(Stored dataset items)
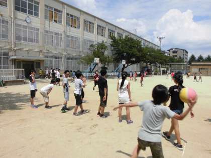 ただ,今日は本当に暑い日です。さすがに子どもたちも教室で過ごすのかな,と思いきや・・・。
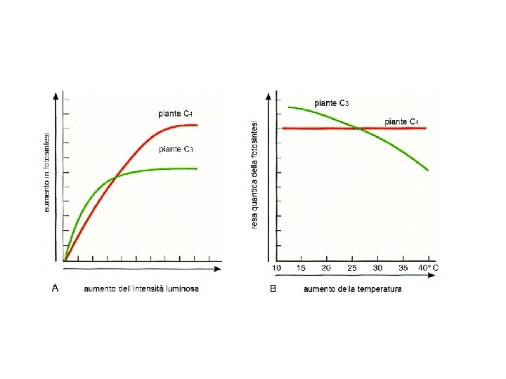 Piante CAM: lo svolgimento della fotosintesi avviene anche con gli stomi chiusi La fase luminosa e la fase buia sono infatti separate nel tempo: durante la notte la pianta apre gli stomi, permettendo l'ingresso della CO 2 che sarà fissata da un acido a tre atomi di carbonio (C 3), prevalentemente l'acido malico, accumulato nei vacuoli. Durante il giorno, a stomi chiusi, gli acidi C 4 accumulati nel corso della notte saranno metabolizzati nel ciclo di Calvin
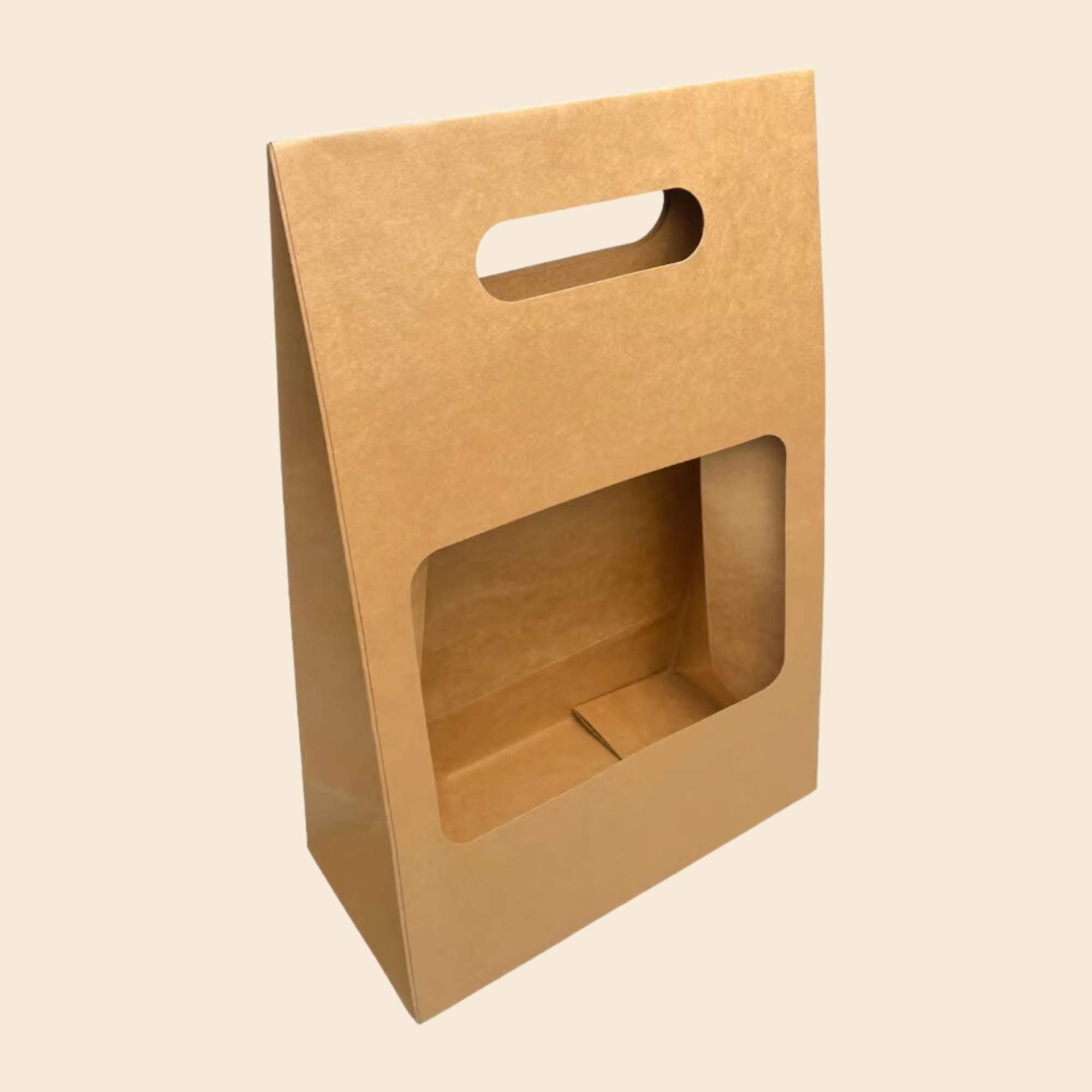 Cutie cadou cu fereastră și mâner – natur, dimensiune 37,5x25x12cm, soluția perfectă pentru ambalarea și prezentarea elegantă a produselor ibrik.
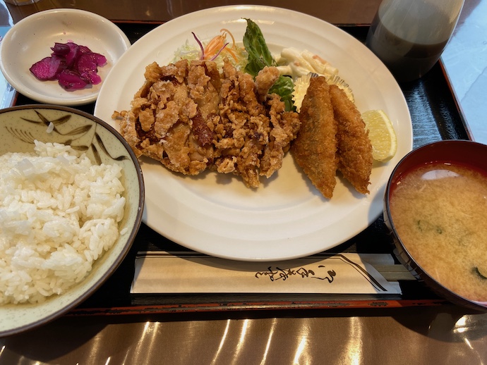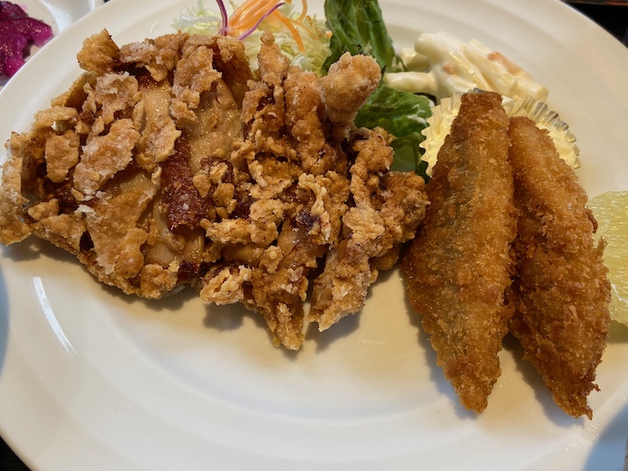 横についているのはオマケの白身フライだが、こちらも自家製らしきタルタルソースにつけて食べると感動するうまさだった。山賊焼がホームランバッターだとすると、白身フライはスマッシュヒットを重ねる技巧派バッターという感じだろう。
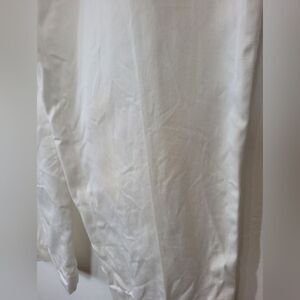 These Pants have some staining on the front. see all photos. could be a fun project to dye them or rework or upcycle. Color is off white, maybe eggshell. High waisted, straight leg. Structurally intact. True vintage. Tagged size 14 measures approximately 40 inches long 28.5 inseam (11.5 rise) 30 waist.
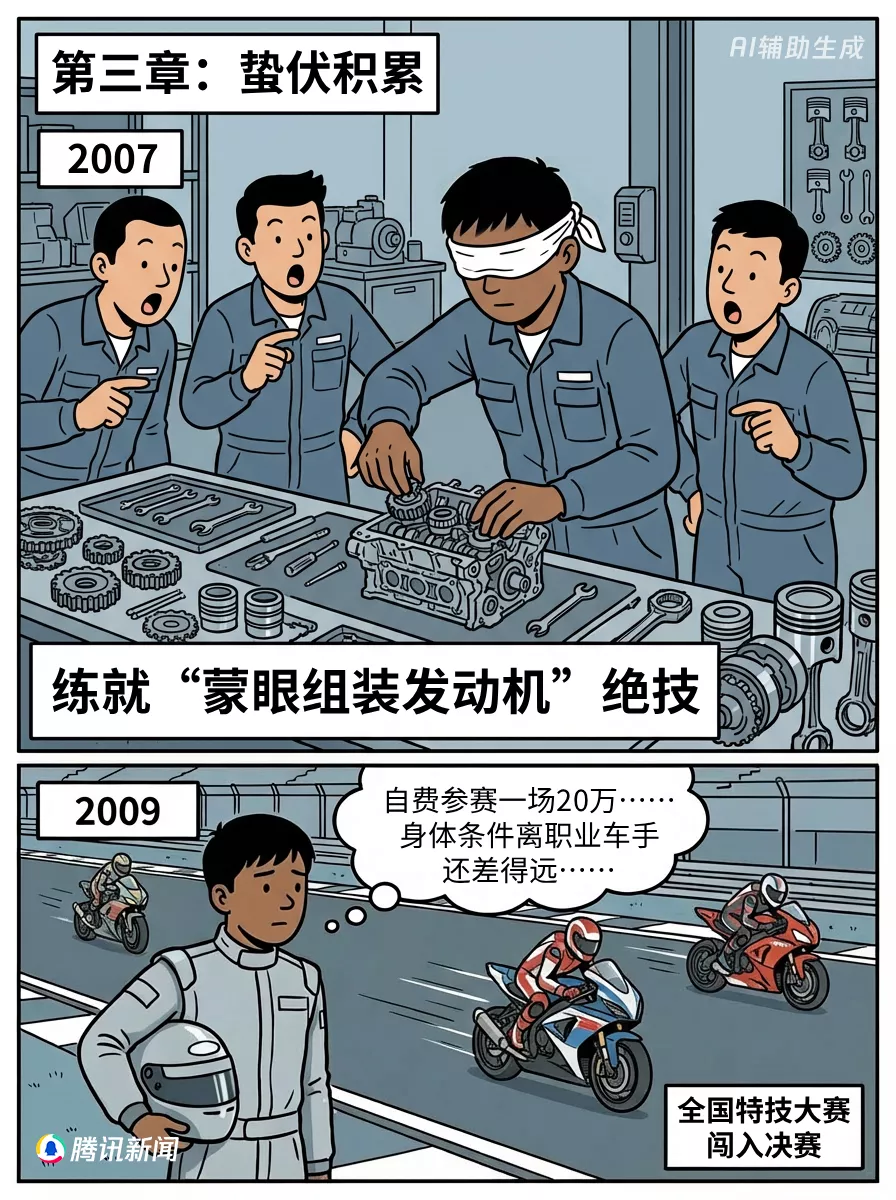 同年,张雪参加全国特技大赛,闯入决赛。但亲身训练和参赛,让他认识了残酷的现实:自己的身体条件,距离成为职业车手,相差甚远。更为现实的困窘是,自费参加一场比赛要20万,他根本没有这份底气。
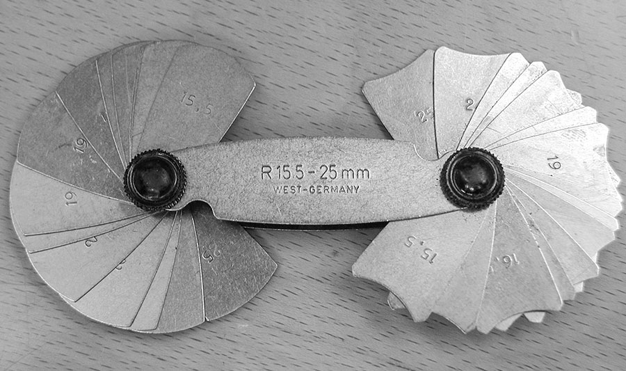 So eine vorgeschnitzte Schablone hat man aber nicht immer zur Hand: Hilfe findet man in Form von Radienlehren. Die Dinger haben entfernte Ähnlichkeit mit einem Schweizer Taschenmesser und beherbergen Blechstreifen, die am Ende verschiedenste Radienabschnitte haben. Eine Seite der Lehre ist für Außenradien, eine für Innenradien. Auf dem Blechstreifen ist die Größe des Radius eingeschlagen.
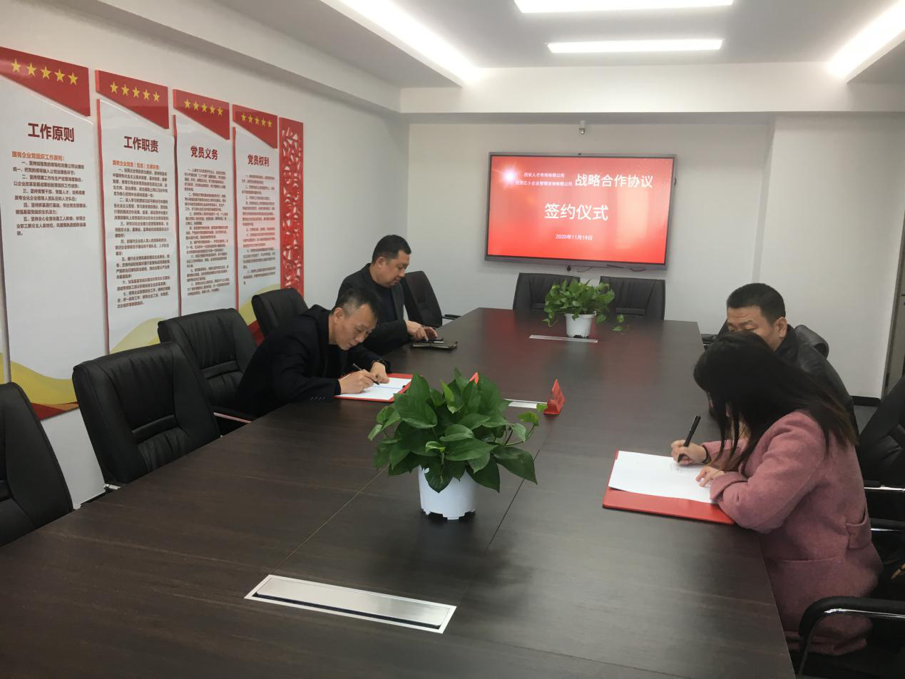 為達(dá)成長(zhǎng)期、穩(wěn)定、緊密的戰(zhàn)略合作,實(shí)現(xiàn)優(yōu)勢(shì)互補(bǔ)、互利共贏(yíng),西安人才市場(chǎng)有限公司與西安乙卜企業(yè)管理咨詢(xún)有限公司雙方就建立戰(zhàn)略合作關(guān)系及交流合作常態(tài)機(jī)制達(dá)成共識(shí),于2020年11月19日簽訂了《戰(zhàn)略框架合作協(xié)議》。西安人才市場(chǎng)有限公司董事長(zhǎng)趙文勝、總經(jīng)理助理許波,西安乙卜企業(yè)管理咨詢(xún)有限公司法人嚴(yán)媛、經(jīng)理鄭海剛出席簽約儀式。
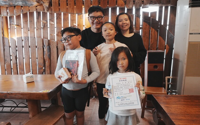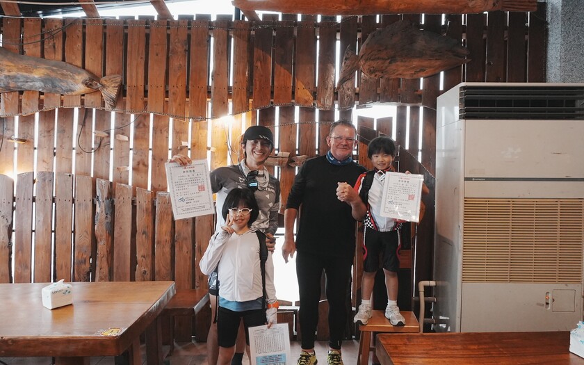 壓軸登場的,是頒發 「花東車訓 3 日參加證書」,以及小鐵人探險隊準備的 「花東騎・愛與勇氣貼紙」。貼紙上,是小鐵人的勇敢,以及爸媽陪伴在旁的身影——正是這三天旅程最真實的寫照。

Task item =>
Write out every entry exactly. Pictures do not belong in the copy.

Finished task =>
 ただ,今日は本当に暑い日です。さすがに子どもたちも教室で過ごすのかな,と思いきや・・・。
 Piante CAM: lo svolgimento della fotosintesi avviene anche con gli stomi chiusi La fase luminosa e la fase buia sono infatti separate nel tempo: durante la notte la pianta apre gli stomi, permettendo l'ingresso della CO 2 che sarà fissata da un acido a tre atomi di carbonio (C 3), prevalentemente l'acido malico, accumulato nei vacuoli. Durante il giorno, a stomi chiusi, gli acidi C 4 accumulati nel corso della notte saranno metabolizzati nel ciclo di Calvin
 Cutie cadou cu fereastră și mâner – natur, dimensiune 37,5x25x12cm, soluția perfectă pentru ambalarea și prezentarea elegantă a produselor ibrik.
 横についているのはオマケの白身フライだが、こちらも自家製らしきタルタルソースにつけて食べると感動するうまさだった。山賊焼がホームランバッターだとすると、白身フライはスマッシュヒットを重ねる技巧派バッターという感じだろう。
 These Pants have some staining on the front. see all photos. could be a fun project to dye them or rework or upcycle. Color is off white, maybe eggshell. High waisted, straight leg. Structurally intact. True vintage. Tagged size 14 measures approximately 40 inches long 28.5 inseam (11.5 rise) 30 waist.
 同年,张雪参加全国特技大赛,闯入决赛。但亲身训练和参赛,让他认识了残酷的现实:自己的身体条件,距离成为职业车手,相差甚远。更为现实的困窘是,自费参加一场比赛要20万,他根本没有这份底气。
 So eine vorgeschnitzte Schablone hat man aber nicht immer zur Hand: Hilfe findet man in Form von Radienlehren. Die Dinger haben entfernte Ähnlichkeit mit einem Schweizer Taschenmesser und beherbergen Blechstreifen, die am Ende verschiedenste Radienabschnitte haben. Eine Seite der Lehre ist für Außenradien, eine für Innenradien. Auf dem Blechstreifen ist die Größe des Radius eingeschlagen.
 為達(dá)成長(zhǎng)期、穩(wěn)定、緊密的戰(zhàn)略合作,實(shí)現(xiàn)優(yōu)勢(shì)互補(bǔ)、互利共贏(yíng),西安人才市場(chǎng)有限公司與西安乙卜企業(yè)管理咨詢(xún)有限公司雙方就建立戰(zhàn)略合作關(guān)系及交流合作常態(tài)機(jī)制達(dá)成共識(shí),于2020年11月19日簽訂了《戰(zhàn)略框架合作協(xié)議》。西安人才市場(chǎng)有限公司董事長(zhǎng)趙文勝、總經(jīng)理助理許波,西安乙卜企業(yè)管理咨詢(xún)有限公司法人嚴(yán)媛、經(jīng)理鄭海剛出席簽約儀式。
 壓軸登場的,是頒發 「花東車訓 3 日參加證書」,以及小鐵人探險隊準備的 「花東騎・愛與勇氣貼紙」。貼紙上,是小鐵人的勇敢,以及爸媽陪伴在旁的身影——正是這三天旅程最真實的寫照。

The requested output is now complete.